- **Task statement**
Word for word, repeat the lines of the records from the first line up to and including the line that contains "Auf den Fotos", passing over any pictures.

- **Dataset entries**
=== Section Start ===

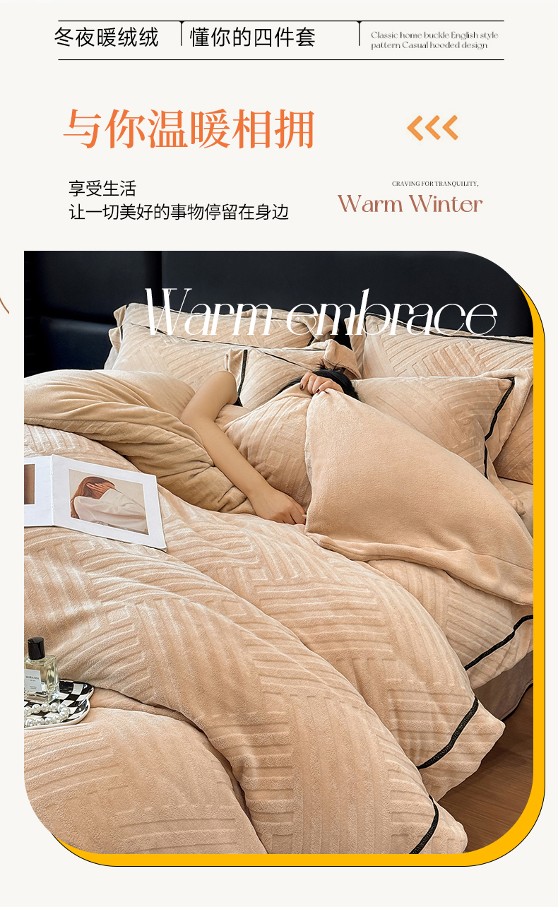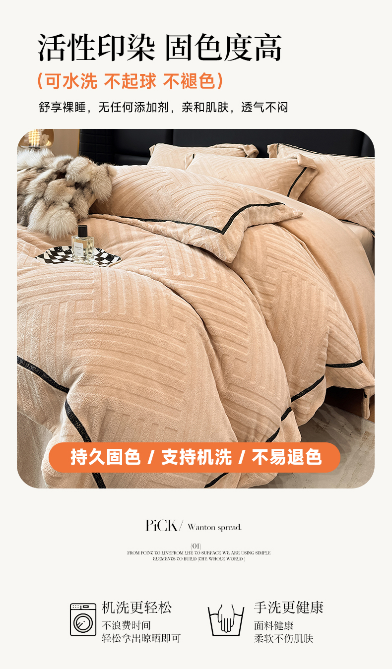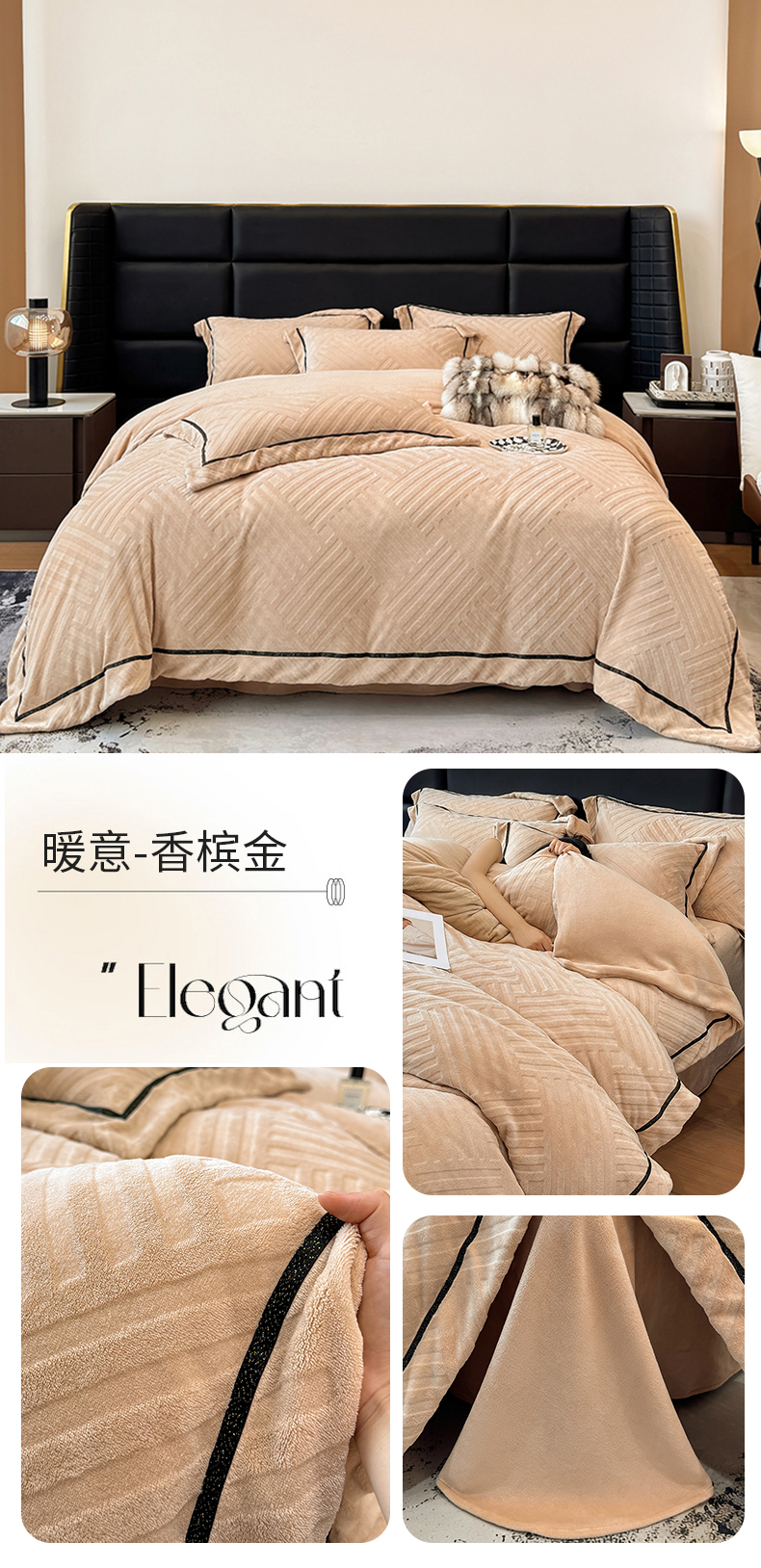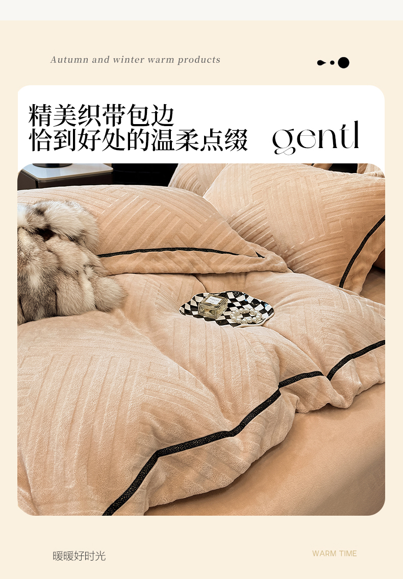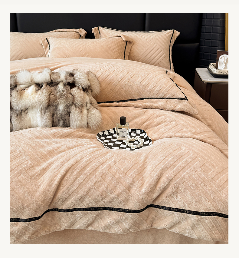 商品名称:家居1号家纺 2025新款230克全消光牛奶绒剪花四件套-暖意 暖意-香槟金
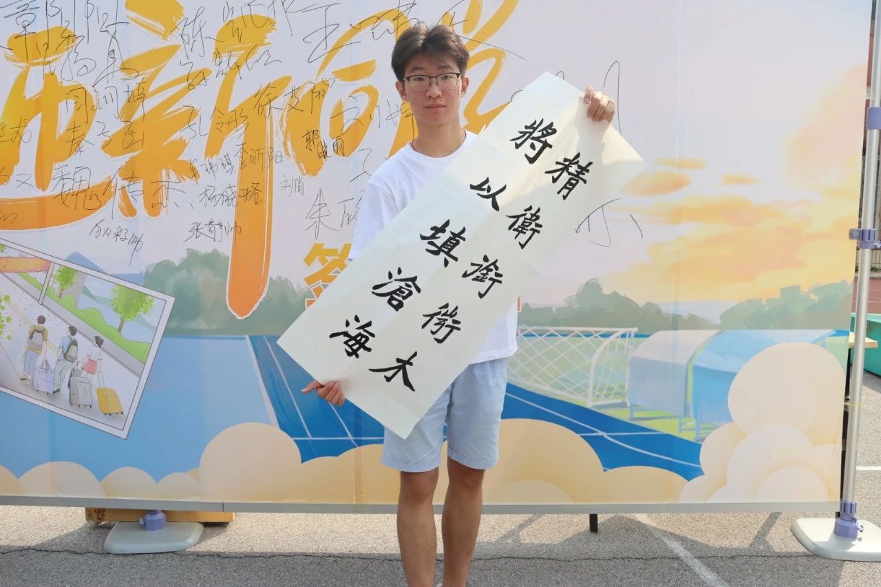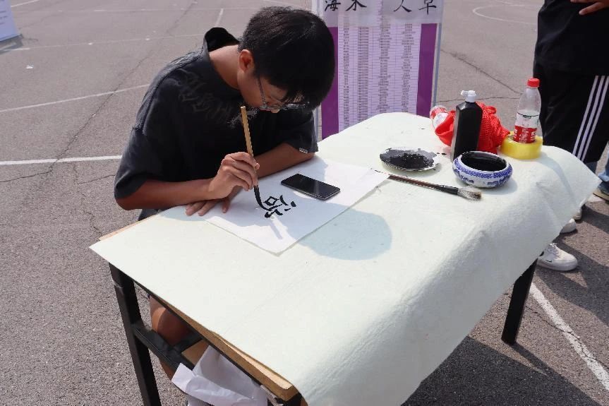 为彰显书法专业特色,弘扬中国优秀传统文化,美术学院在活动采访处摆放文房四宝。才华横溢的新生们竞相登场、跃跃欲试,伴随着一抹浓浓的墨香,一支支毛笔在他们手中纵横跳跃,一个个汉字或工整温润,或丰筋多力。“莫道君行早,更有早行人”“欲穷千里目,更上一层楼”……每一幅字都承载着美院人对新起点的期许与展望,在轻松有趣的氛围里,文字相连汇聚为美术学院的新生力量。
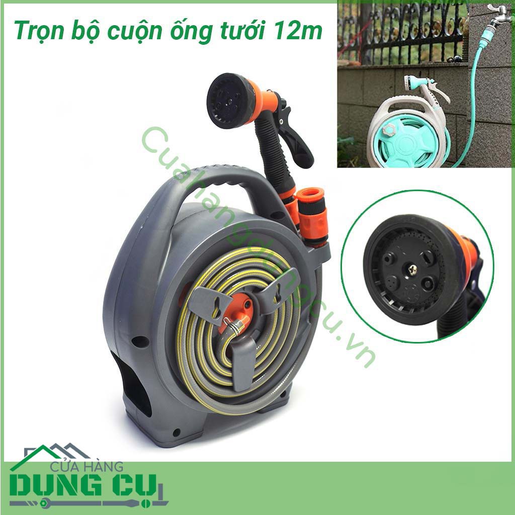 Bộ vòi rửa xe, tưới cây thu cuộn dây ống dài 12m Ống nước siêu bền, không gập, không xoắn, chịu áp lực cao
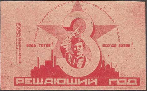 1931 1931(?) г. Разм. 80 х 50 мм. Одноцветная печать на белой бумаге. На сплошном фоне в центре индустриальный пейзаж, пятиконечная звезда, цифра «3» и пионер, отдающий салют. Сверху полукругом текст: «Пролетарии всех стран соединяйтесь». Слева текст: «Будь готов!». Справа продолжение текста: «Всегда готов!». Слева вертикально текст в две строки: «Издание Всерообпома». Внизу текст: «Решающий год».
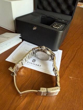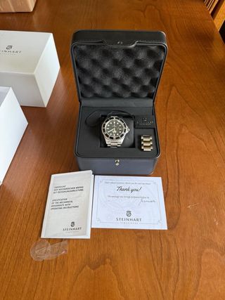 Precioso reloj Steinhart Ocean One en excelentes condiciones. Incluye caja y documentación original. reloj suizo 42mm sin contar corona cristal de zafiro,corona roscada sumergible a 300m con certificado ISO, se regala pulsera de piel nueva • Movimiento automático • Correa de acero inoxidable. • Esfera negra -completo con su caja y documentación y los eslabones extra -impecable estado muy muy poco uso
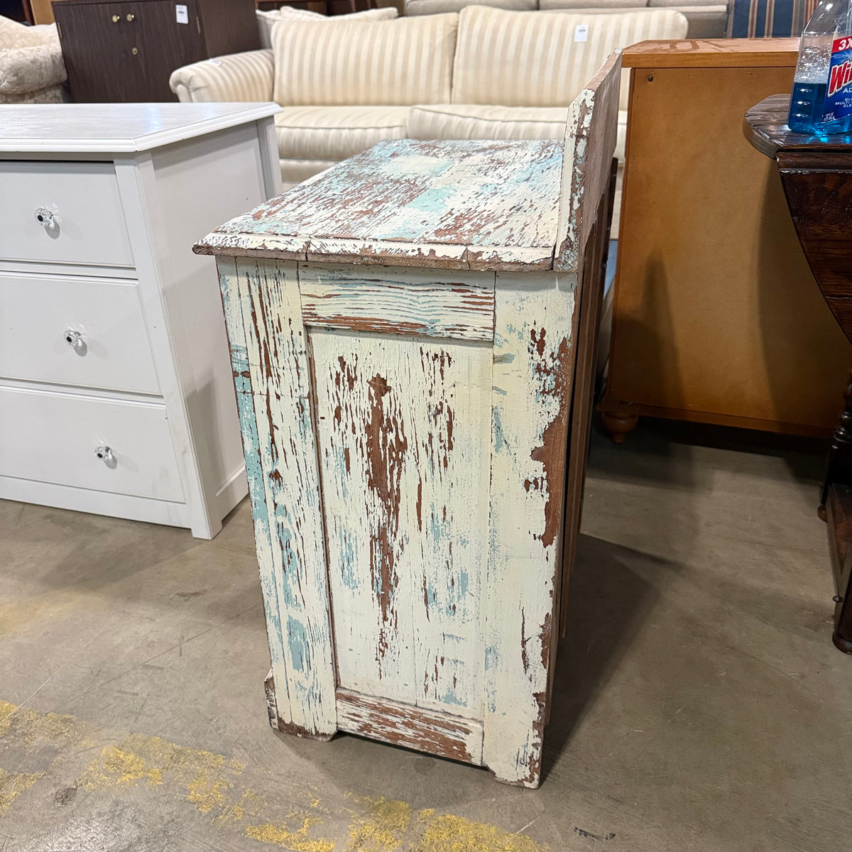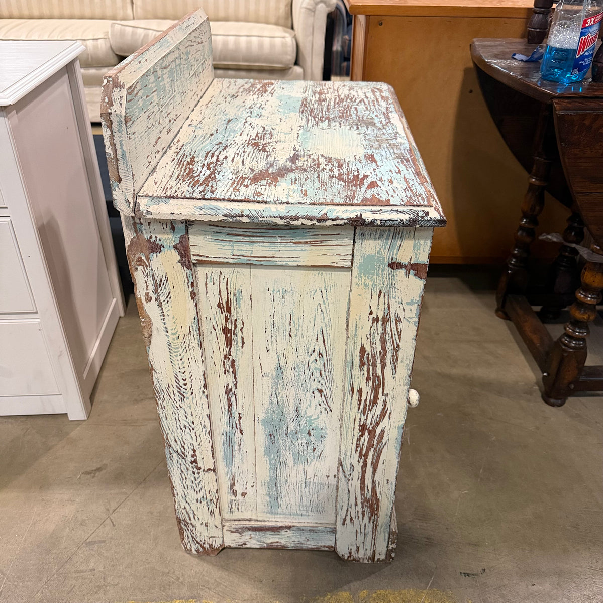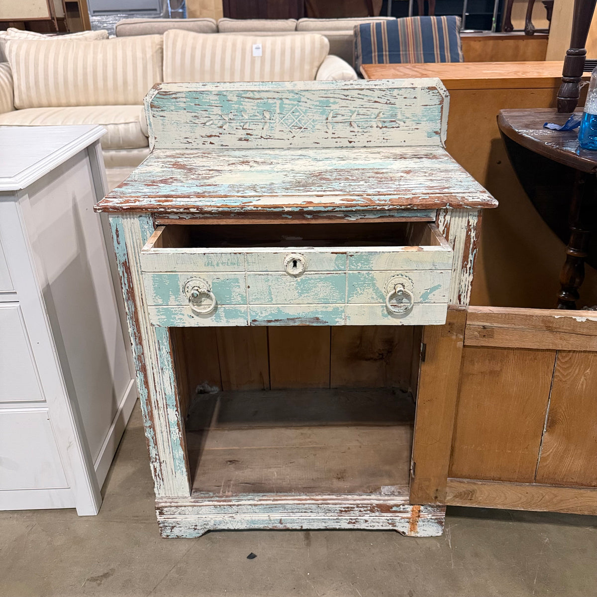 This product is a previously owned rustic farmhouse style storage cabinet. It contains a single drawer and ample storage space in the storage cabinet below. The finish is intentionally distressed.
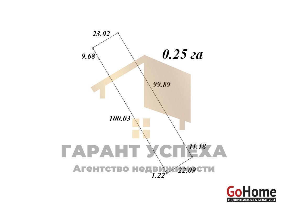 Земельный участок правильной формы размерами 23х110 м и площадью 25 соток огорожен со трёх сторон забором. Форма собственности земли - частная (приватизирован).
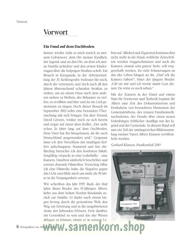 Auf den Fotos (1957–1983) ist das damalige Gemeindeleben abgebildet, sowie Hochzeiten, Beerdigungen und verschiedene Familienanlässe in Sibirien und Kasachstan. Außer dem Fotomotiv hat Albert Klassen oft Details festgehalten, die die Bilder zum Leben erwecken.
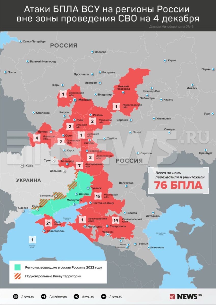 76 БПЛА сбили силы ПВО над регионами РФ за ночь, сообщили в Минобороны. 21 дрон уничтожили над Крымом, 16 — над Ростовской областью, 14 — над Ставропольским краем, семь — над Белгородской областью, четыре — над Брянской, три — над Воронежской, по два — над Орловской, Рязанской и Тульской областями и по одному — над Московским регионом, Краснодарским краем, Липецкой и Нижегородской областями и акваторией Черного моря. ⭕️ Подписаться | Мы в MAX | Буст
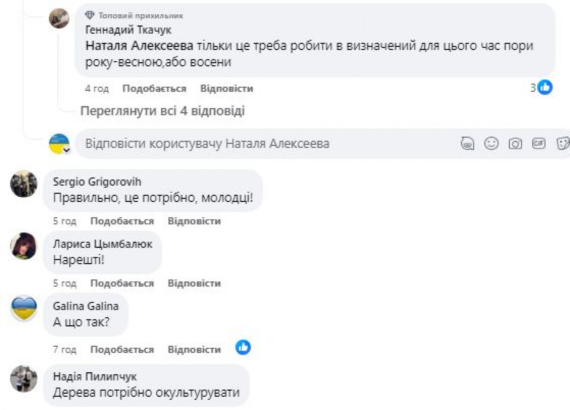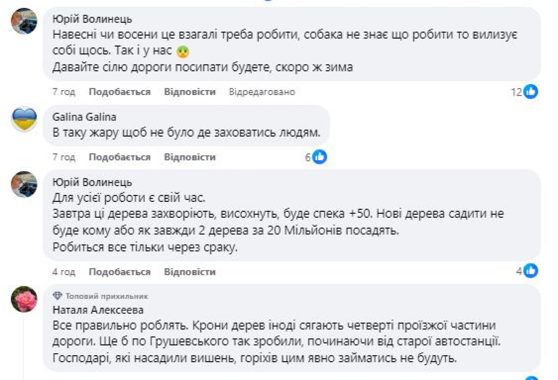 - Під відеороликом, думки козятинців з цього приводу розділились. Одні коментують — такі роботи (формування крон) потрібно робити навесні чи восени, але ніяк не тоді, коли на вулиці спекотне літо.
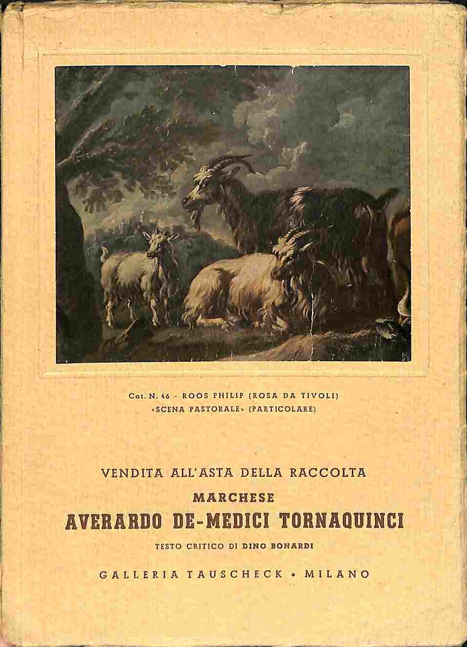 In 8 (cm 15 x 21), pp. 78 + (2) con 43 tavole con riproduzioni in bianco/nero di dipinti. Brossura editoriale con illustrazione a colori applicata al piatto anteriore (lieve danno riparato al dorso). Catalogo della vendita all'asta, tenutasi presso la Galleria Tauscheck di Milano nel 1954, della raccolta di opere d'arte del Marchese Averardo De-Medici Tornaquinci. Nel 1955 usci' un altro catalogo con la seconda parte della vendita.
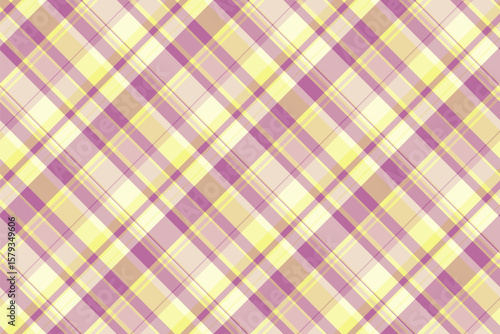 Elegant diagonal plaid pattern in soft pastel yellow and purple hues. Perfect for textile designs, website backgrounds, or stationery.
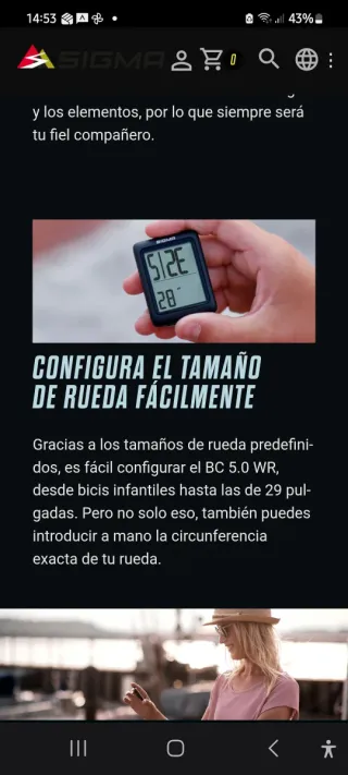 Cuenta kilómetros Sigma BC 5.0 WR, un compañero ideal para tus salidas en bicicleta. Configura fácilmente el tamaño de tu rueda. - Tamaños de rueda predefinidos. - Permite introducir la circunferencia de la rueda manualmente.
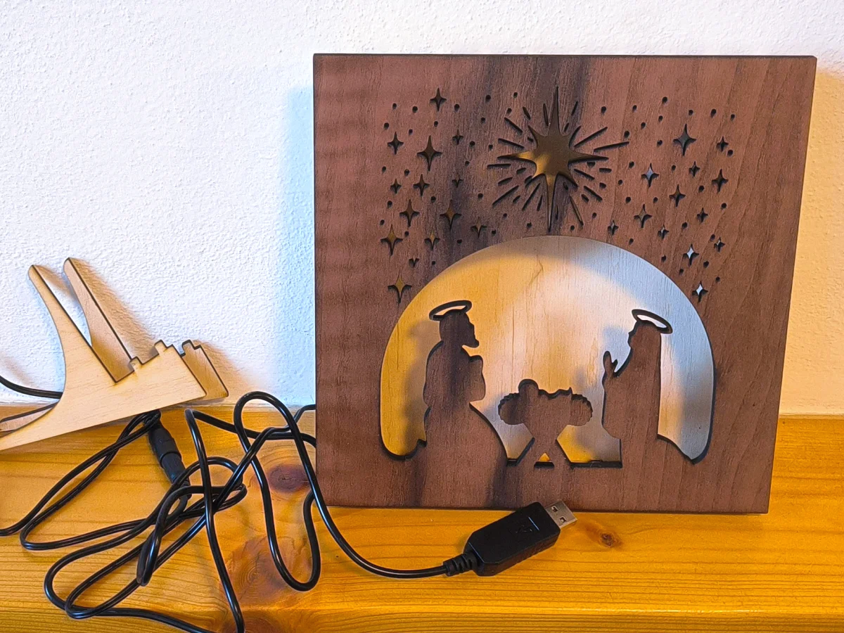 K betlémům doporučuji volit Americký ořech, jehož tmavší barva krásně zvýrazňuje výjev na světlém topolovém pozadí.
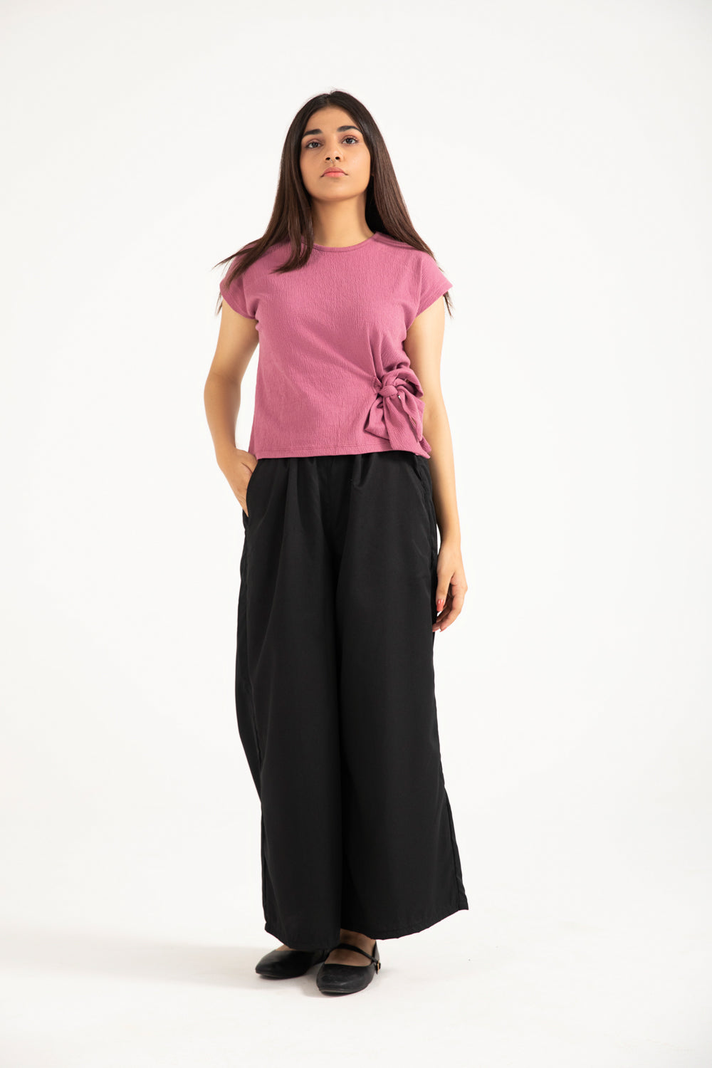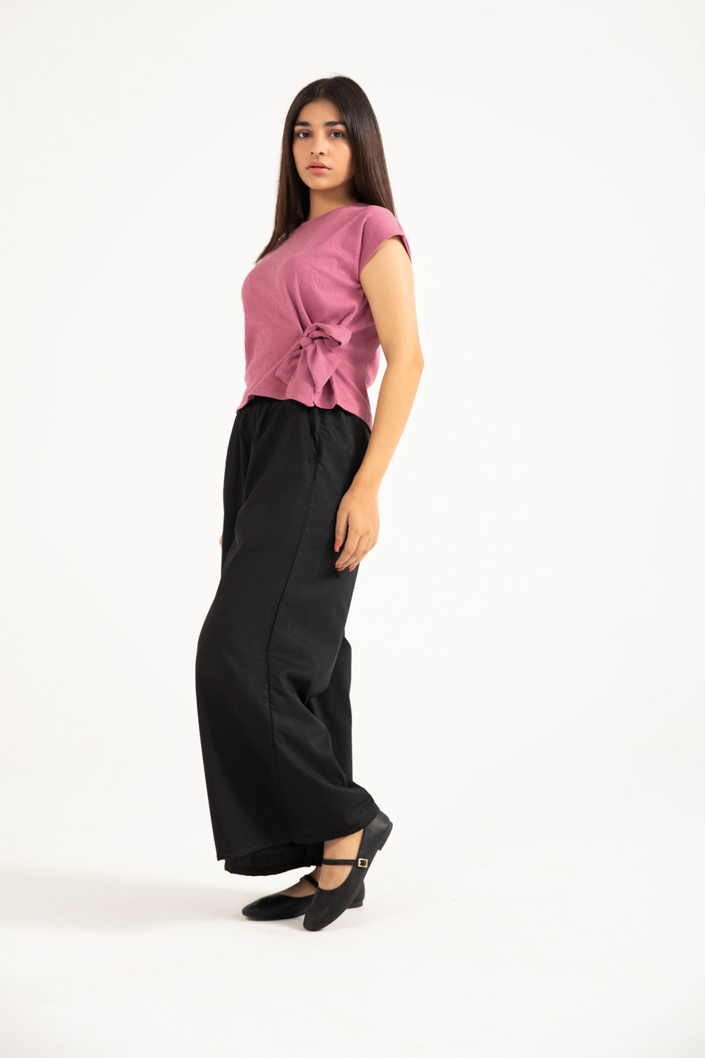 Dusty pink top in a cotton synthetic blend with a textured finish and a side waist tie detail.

=== Section End ===

- **Task output**
 商品名称:家居1号家纺 2025新款230克全消光牛奶绒剪花四件套-暖意 暖意-香槟金
 为彰显书法专业特色,弘扬中国优秀传统文化,美术学院在活动采访处摆放文房四宝。才华横溢的新生们竞相登场、跃跃欲试,伴随着一抹浓浓的墨香,一支支毛笔在他们手中纵横跳跃,一个个汉字或工整温润,或丰筋多力。“莫道君行早,更有早行人”“欲穷千里目,更上一层楼”……每一幅字都承载着美院人对新起点的期许与展望,在轻松有趣的氛围里,文字相连汇聚为美术学院的新生力量。
 Bộ vòi rửa xe, tưới cây thu cuộn dây ống dài 12m Ống nước siêu bền, không gập, không xoắn, chịu áp lực cao
 1931 1931(?) г. Разм. 80 х 50 мм. Одноцветная печать на белой бумаге. На сплошном фоне в центре индустриальный пейзаж, пятиконечная звезда, цифра «3» и пионер, отдающий салют. Сверху полукругом текст: «Пролетарии всех стран соединяйтесь». Слева текст: «Будь готов!». Справа продолжение текста: «Всегда готов!». Слева вертикально текст в две строки: «Издание Всерообпома». Внизу текст: «Решающий год».
 Precioso reloj Steinhart Ocean One en excelentes condiciones. Incluye caja y documentación original. reloj suizo 42mm sin contar corona cristal de zafiro,corona roscada sumergible a 300m con certificado ISO, se regala pulsera de piel nueva • Movimiento automático • Correa de acero inoxidable. • Esfera negra -completo con su caja y documentación y los eslabones extra -impecable estado muy muy poco uso
 This product is a previously owned rustic farmhouse style storage cabinet. It contains a single drawer and ample storage space in the storage cabinet below. The finish is intentionally distressed.
 Земельный участок правильной формы размерами 23х110 м и площадью 25 соток огорожен со трёх сторон забором. Форма собственности земли - частная (приватизирован).
 Auf den Fotos (1957–1983) ist das damalige Gemeindeleben abgebildet, sowie Hochzeiten, Beerdigungen und verschiedene Familienanlässe in Sibirien und Kasachstan. Außer dem Fotomotiv hat Albert Klassen oft Details festgehalten, die die Bilder zum Leben erwecken.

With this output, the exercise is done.